How Machine Learning Helps Us Understand the Human Genome


Potential applications surrounding the study of genomes are changing rapidly as innovation and scientific discoveries push the field into new territory. Dr. Keriayn Smith, Assistant Professor in the Department of Genetics at University of North Carolina Chapel Hill, works to understand segments of DNA. A 2022 graduate of Fuqua’s MSQM: Business Analytics program, Smith uses machine learning to detect patterns that explain genes’ functions, expressions and interactions. 

In this conversation with Professor Jeremy Petranka, Smith explains how machine learning allows researchers to meaningfully isolate genomes and what could be next in the rapidly evolving industry around this technology.


The following excerpts from that interview were edited for length and clarity.

JEREMY: Could you give a high-level view of this type of research and the types of innovations that were occurring before around 2010? Like the 80s and 90s, and even early 2000s—what did it look like there?
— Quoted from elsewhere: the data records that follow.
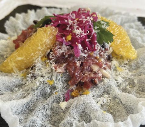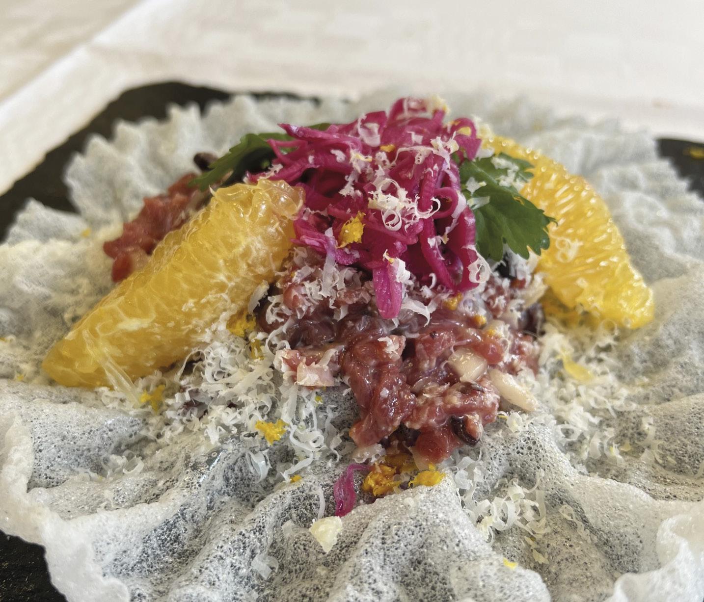 Råbiff på rispapper med smaker av sesamolja och blodapelsin toppad med picklad
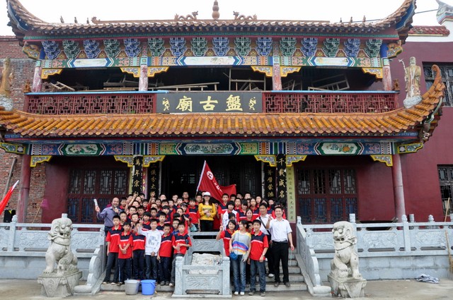 同学们在蔡伦科技园前照集体相后继续前进,远远地看到盘古庙,有的同学发出尖叫声,“盘古庙,我们马上就能看到你的真面目了!”
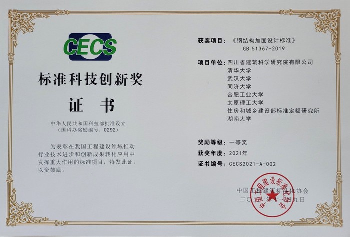 污污漫画 完海鹰教授、陈安英副教授参加编制的国家标准《钢结构加固设计标准》(GB 51367-2019)喜获“标准科技创新奖”项目一等奖。该国家标准在我国工程建设领域推动了行业技术进步和创新成果转化应用中发挥了重大作用。

KERIAYN: That really is a fantastic foundational question, and you're right, you know, it kind of takes us back to more than 10 years ago, maybe 15 or 20. I think what really changed was the development of technologies—what we call deep sequencing technologies—that allowed us to understand the composition of the genome or the entire DNA sequence of a human or animal or plant, any organism really. At a basic level, the components of this DNA sequence—which by the way, for a human would stretch from here to the moon, something like a hundred thousand times if you unwound it all and connected it, end to end—but basically, only four components or nucleotides, abbreviated as AGTC, four letters are what it's comprised of.
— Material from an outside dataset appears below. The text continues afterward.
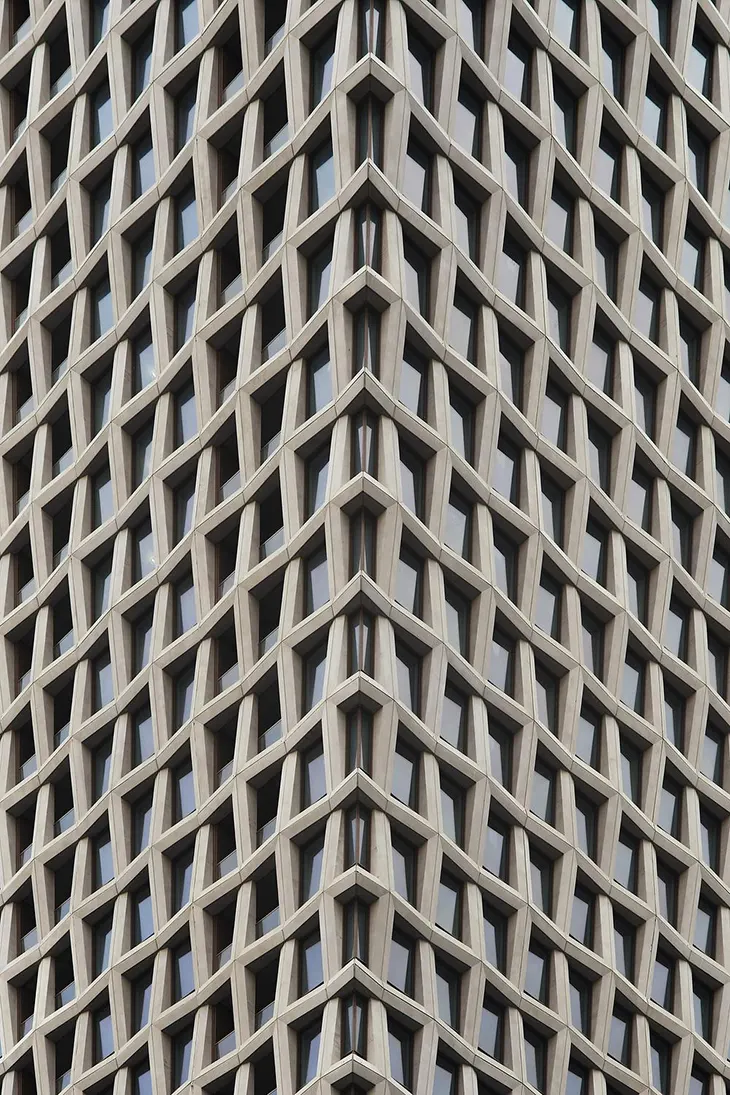 The façade system relies on repetition and recomposition of a limited set of prefabricated modules. False joints, open corner panels, and geometries that extend beyond module limits dissolve the perception of segmentation, creating a continuous surface with a textile-like depth. Solar exposure animates the relief, revealing subtle shifts across the surface throughout the day. Transparent volumes punctuate the mass, exposing shared interiors and reinforcing the building’s connection to the public realm.
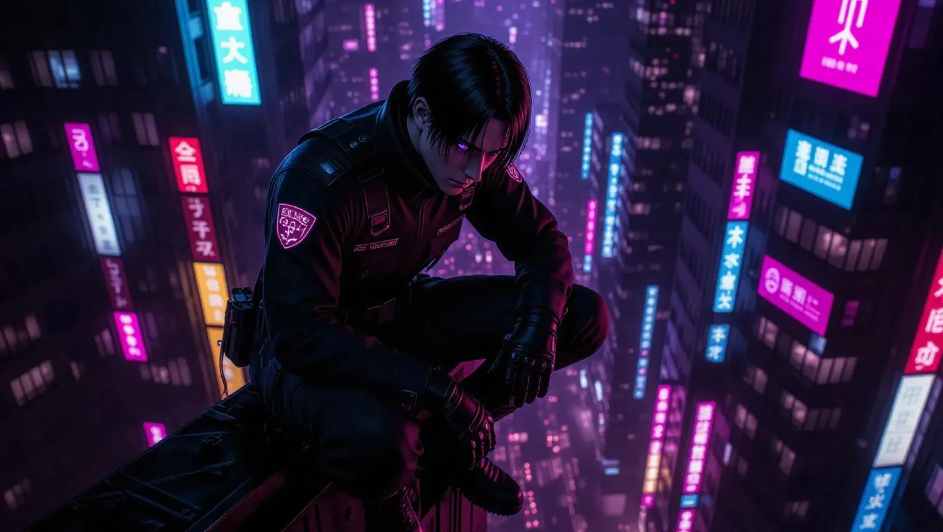 Generate AI-powered cyberpunk digital art of Levi Ackerman in a neon-lit futuristic cityscape. Features glowing omni-directional gear, cybernetic eyes, holograms, flying vehicles, and gritty urban chaos. Ideal for dynamic anime-inspired visuals blending strength and dystopian contrast. Create striking AI art with Vivago.ai's advanced tools.

It's just that we're dealing with billions of these nucleotide letters, plus different arrangements of these letters, and different types of interactions with a plethora of other cell components. These complex combinations are what drive the vast complexity of a human being, and yet we now have the capabilities and data to study this complexity at a granular level. So, to go back to your point or your question, prior to this, the development of the genomics field, as we call it, took more of a single gene investigative approach or was investigated based on more specific individual hypotheses. So, that's really kind of what changed in the past decade or decades.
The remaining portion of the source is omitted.